Gold is on pace for its best one-year rally in almost fifty years, so it’s only natural to say that the rally could use a rest — and it could. But gold is a tricky asset at times. After flailing through the 1980s and 1990s, it went on a twelve-year win streak, gaining more than 500% in the process, observes Bret Kenwell, US investment analyst at eToro.

A price of $4,000 an ounce seemed far-fetched at the start of the year as gold entered 2025 near $2,800 an ounce. But after a rally of around 50%, here we are. Gold has benefited from multiple catalysts this year, including tariff uncertainty, stubborn inflation, and a falling US dollar.

SPY, GLD (YTD % Change)

A graph of a stock market  AI-generated content may be incorrect.

Data by YCharts

Uncertainty around the government shutdown and prospects of lower interest rates have only seemed to fan the flames of this year’s rally. While gold might be running hot now, investors should remember that it’s not just a 2025 story.
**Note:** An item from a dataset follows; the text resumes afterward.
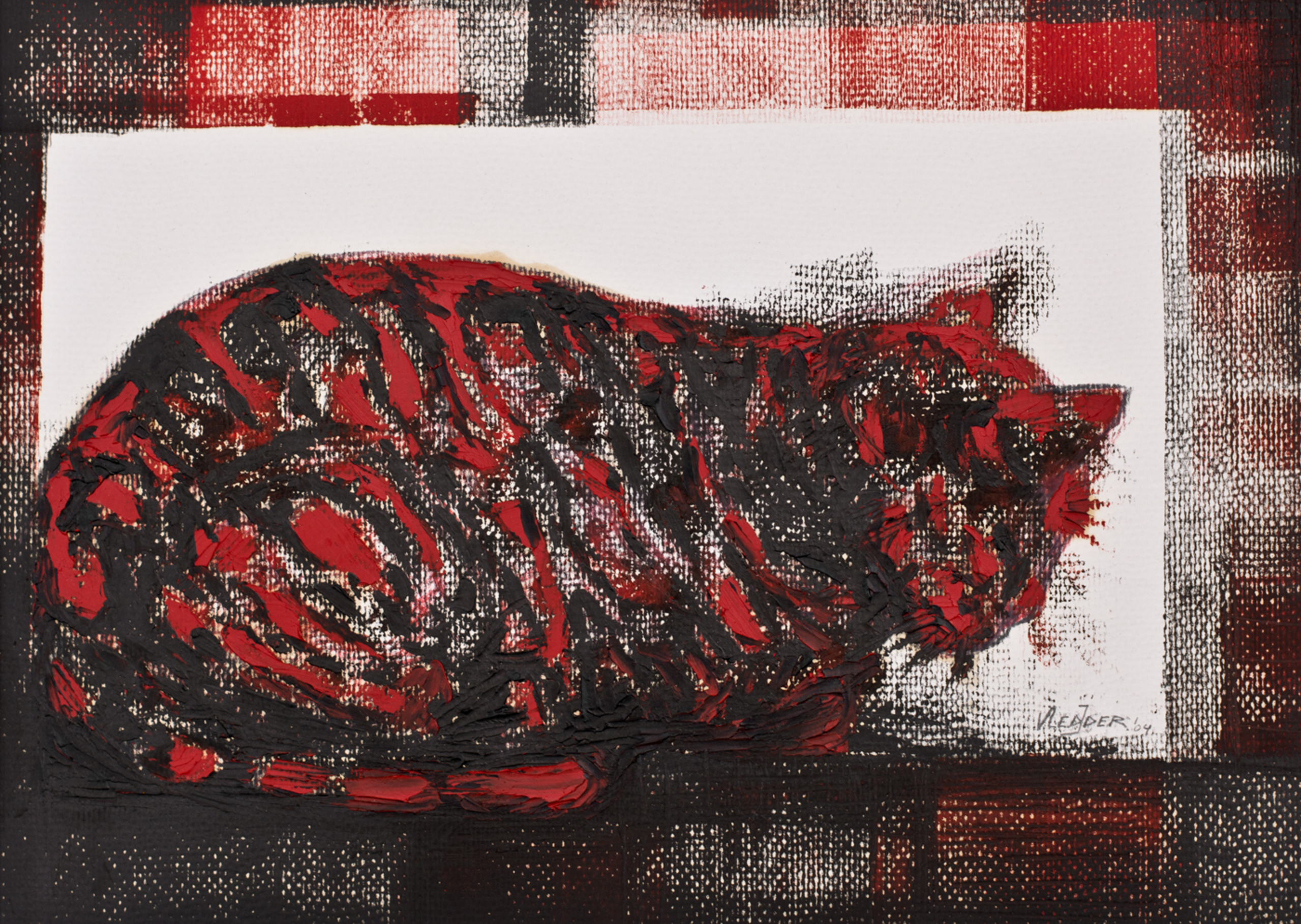 Rood Dieren Kat Olieverf Kunst Grafiek Raam Monoprint Drukkunst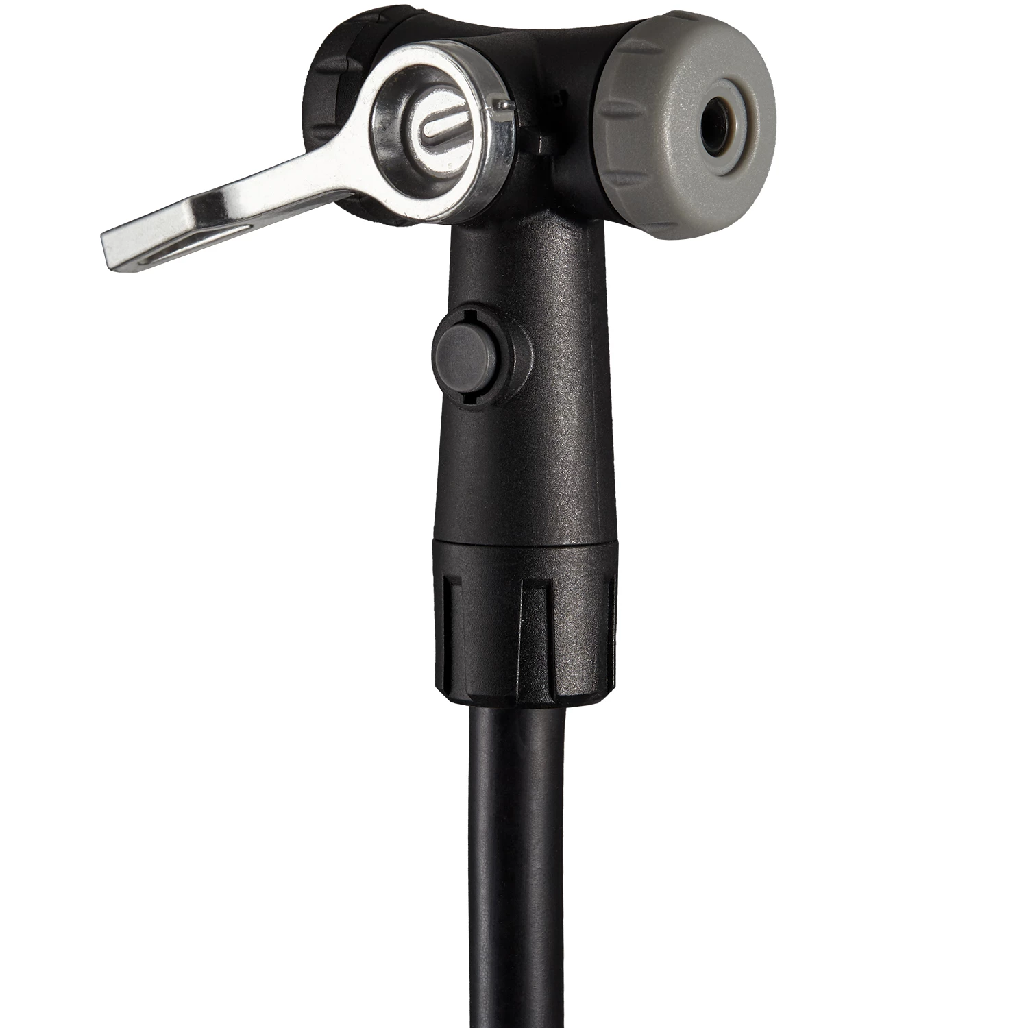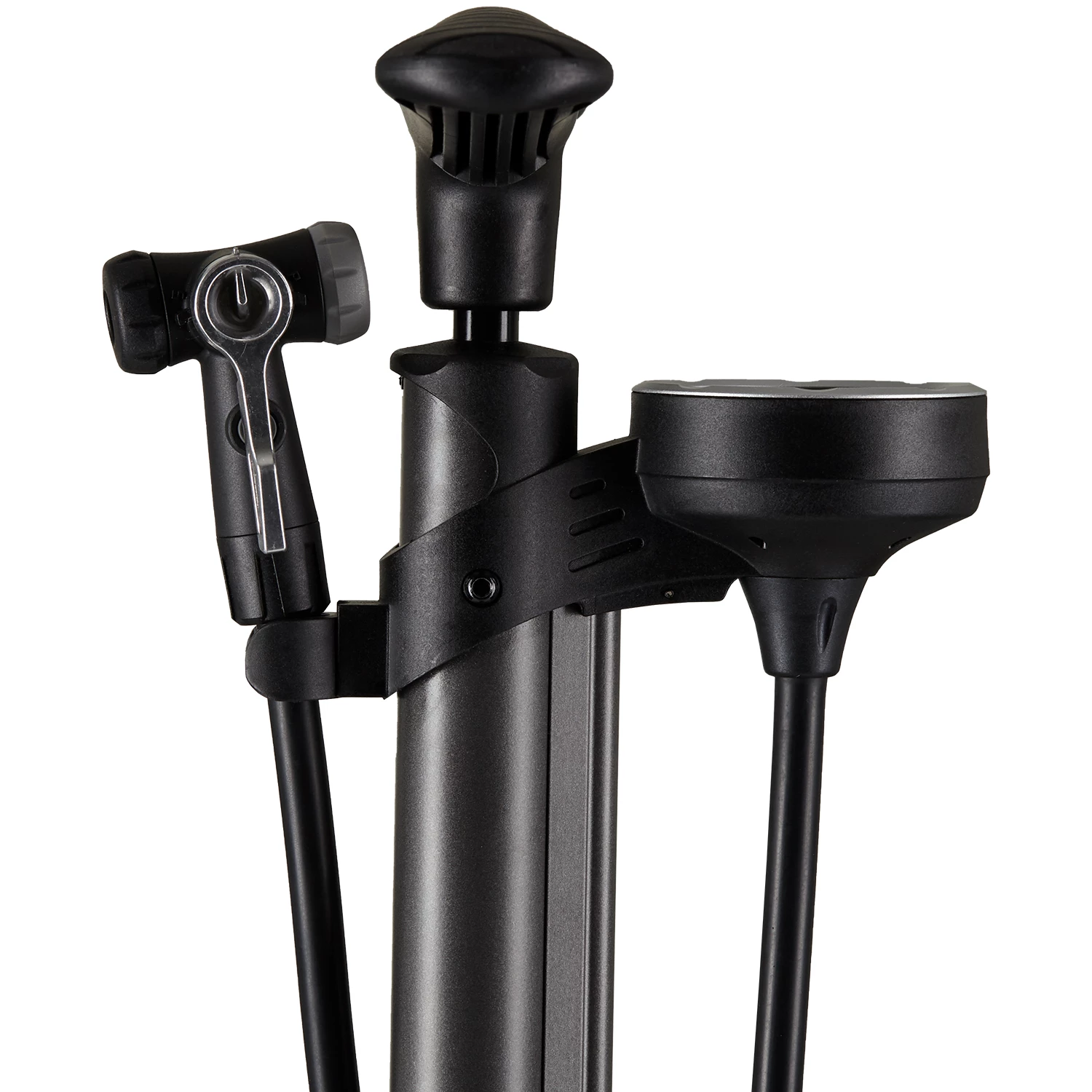 La pompe à air crée jusqu’à 160 PSI / 11 bars et convient aux valves Schrader, Presta et Dunlop grâce à sa double tête de valve.

In fact, gold has outperformed the S&P 500 Index (^SPX) in four of the last seven years and is on pace to add another tally to the “win” column. That’s saying something too, with the S&P 500 working on its seventh double-digit return in the last nine years.

For perspective, gold is working on a three-year win streak with a gain of around 120%. If the long-term catalysts remain in play, gold may have more room to run in the years ahead.

Earlier this year, eToro’s quarterly survey of retail investors found that 57% of investors expected gold prices to increase in the short term, with 42% of retail investors currently invested in the asset. Further, a majority of retail investors (58%) had already or planned to adjust portfolio allocations given the prospect of a weakening USD by investing more — specifically in gold (31%) and cryptoassets (26%).